Chapitre 21 : Schéhérazade


Publié le 25/08/2012 à 22:33:40 par PaulAllender



La tension était tant palpable que visible, le silence envahi la pièce en une fraction d'instant, aussi rapidement que les nazis en Pologne. La lumière du soleil traversait le carreau de mon appartement, et le verre de vodka de Schéhérazade, se réfractant sur la table en une myriade de couleurs qui transcrivaient inquiétudes larmoyantes et furie vengeresse.
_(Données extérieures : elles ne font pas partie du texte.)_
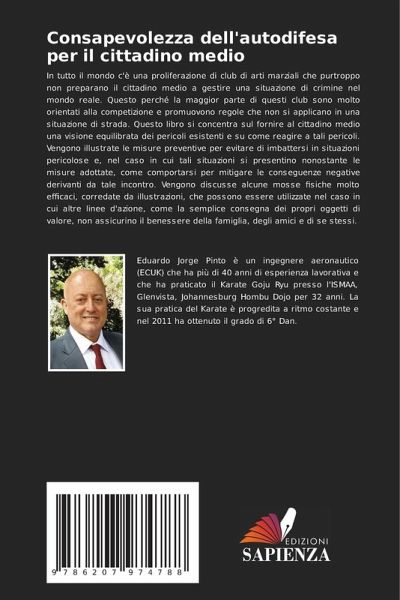 In tutto il mondo c'è una proliferazione di club di arti marziali che purtroppo non preparano il cittadino medio a gestire una situazione di crimine nel mondo reale. Questo perché la maggior parte di questi club sono molto orientati alla competizione e promuovono regole che non si applicano in una situazione di strada. Questo libro si concentra sul fornire al cittadino medio una visione equilibrata dei pericoli esistenti e su come reagire a tali pericoli. Vengono illustrate le misure preventive per evitare di imbattersi in situazioni pericolose e, nel caso in cui tali situazioni si presentino nonostante le misure adottate, come comportarsi per mitigare le conseguenze negative derivanti da tale incontro. Vengono discusse alcune mosse fisiche molto efficaci, corredate da illustrazioni, che possono essere utilizzate nel caso in cui altre linee d'azione, come la semplice consegna dei propri oggetti di valore, non assicurino il benessere della famiglia, degli amici e di se stessi.

Le silence était roi, jusqu'à ce que, de crispation, je ne lâche mon verre, qui explosa au sol, éparpillant ses bris et son éthanol sur le sol. Elle avait son arme braquée sur Aliz, le doigt sur la gâchette. Son regard ne dégageait toujours rien, si ce n'était une once de folie meurtrière dans les yeux.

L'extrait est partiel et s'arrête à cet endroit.